I noticed a huge difference in temperment between the Lamanchas and Nubians that our breeder had - her manchas were totally laid back and so quiet! Not so for the Nubians. She said she didn't really care for the Nubs either.
It's so good to get to know a semi-local! I'm kind of a renegade where we live.


----------



## tracyqh (Aug 9, 2010)

Me too. Everyone thought I was crazy when I decided to get goats. Now they are stopping by to see what is happening at the mini farm! :thumbup: We bought a LaMancha and a Apline this summer and the lady we got them from let me practice milking her other Alpine that she was currently using for her family. It was waaayyyy easier then I had thought. My cousin brought his Savanna buck over and he bred the LaMancha. She hasn't come back into heat, so I'm hoping she took. She'll be due Jan. 28th and I cannot wait!!!!  He has his new boer buck turned out with the Alpine right now, but he is only 7 mo. old and doesn't know what's up. Also, she is not coming into heat this early. I think I'm going to forget that cross and take her to an Alpine buck in London, Ohio in Nov. or whenever she comes in. Let me know about any bucklings your breeder has available. I'm also looking for a LaMancha buck. Black and tans are my favs.

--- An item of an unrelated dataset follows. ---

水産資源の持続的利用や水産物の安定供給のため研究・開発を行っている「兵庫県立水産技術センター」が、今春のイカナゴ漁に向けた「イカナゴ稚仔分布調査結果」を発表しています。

I'm glad I found a "semi-homesteader" near me. :hi5:


----------



## milkmaid (Sep 15, 2010)

> Are "mini" bucks easier, harder, same difference to keep then their full size buddies?

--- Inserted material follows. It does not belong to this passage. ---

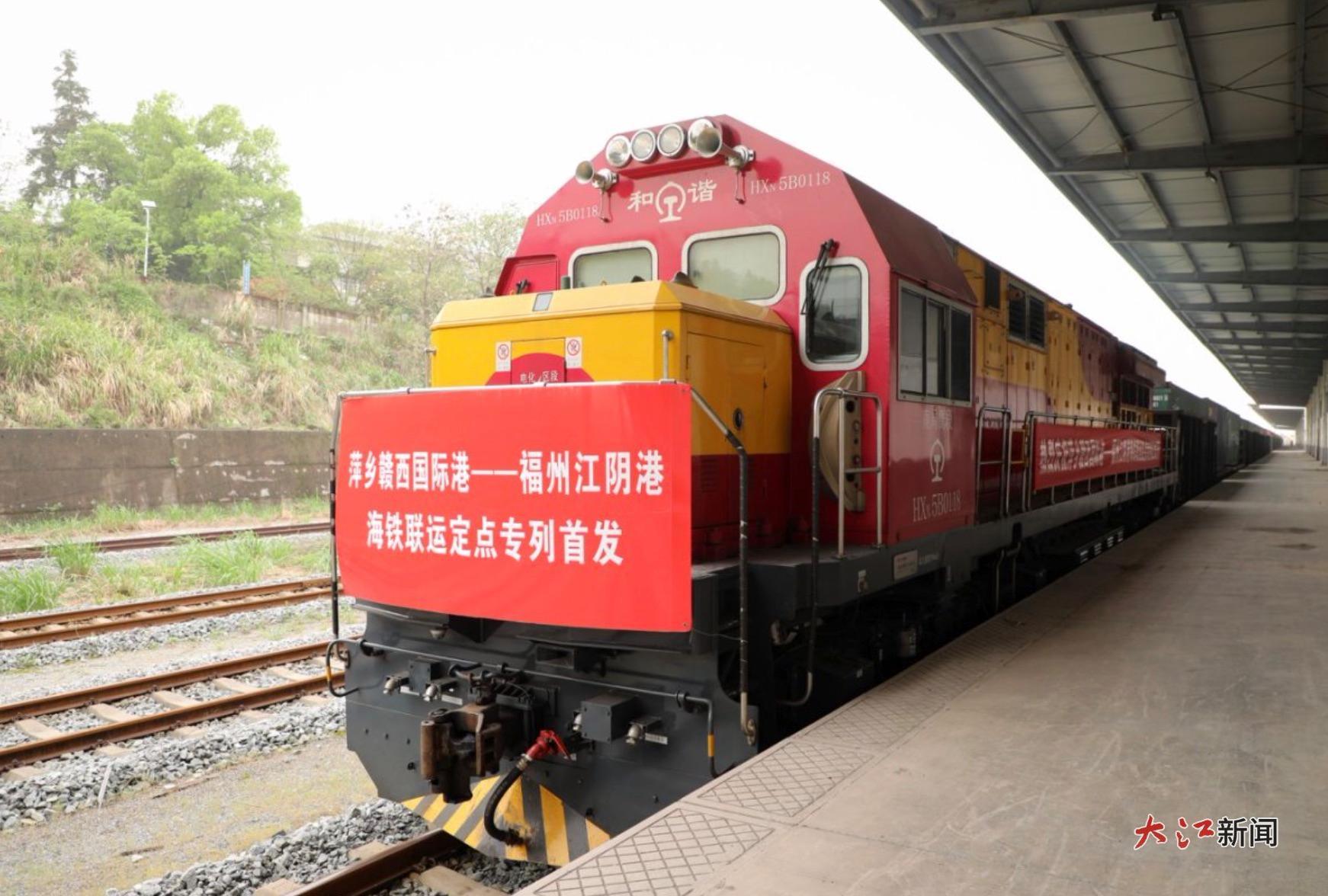 目前,管内铁海联运对接外贸班轮,已贯通赣闽两省至福州江阴港、厦门港、盐田港等12条出海大通道,联通国内26个重点城市,形成了客车化、组合制、“天天班”的铁海联运班列开行模式。

By "mini," do you mean Nigerian dwarf too? I have a young Nigerian buck that is really gentle and friendly. He can be stubborn sometimes :wink: but only when I try to lead him (he wasn't broken to lead as a kid.) His small size makes him really easy to handle, and he's not the least bit mean. But he is still amazingly strong for his size!
Aside from his stubborn streak, he's as easy to care for as the does.


----------



## VickiH (Sep 24, 2010)

Sounds so exciting to be expecting! I'll email you my breeder's info once I figure out if can do that yet. I haven't hit the minimum posts for PM's. Her website isn't kept up because she has 2 jobs right now and is too busy. When we visited she did have some bucklings but they may have gotten banded by now. I'll check for you, she's really nice. I don't think she has any full size, just the minis and Nigis. But she probably knows someone who does.


----------



## StaceyRosado (Oct 5, 2007)

Vicki just click the email link instead of the PM link in tracyqh's profile


----------



## VickiH (Sep 24, 2010)

Thanks!


----------



## tracyqh (Aug 9, 2010)

Vicki - See if she has anything that would be okay for my home farm. I think I would like a Nigi buck and a LaMancha. I'm totally stuck on the LaManchas.


----------



## VickiH (Sep 24, 2010)

I should be talking to her soon and I'll let her know you are looking.


----------



## mistyblue (Nov 13, 2008)

I love my mini-manchas, they have so much personalit in a small package. As far as a market for them, I believe that they are starting to catch on. I am in South Texas and have people waiting to get kids from me.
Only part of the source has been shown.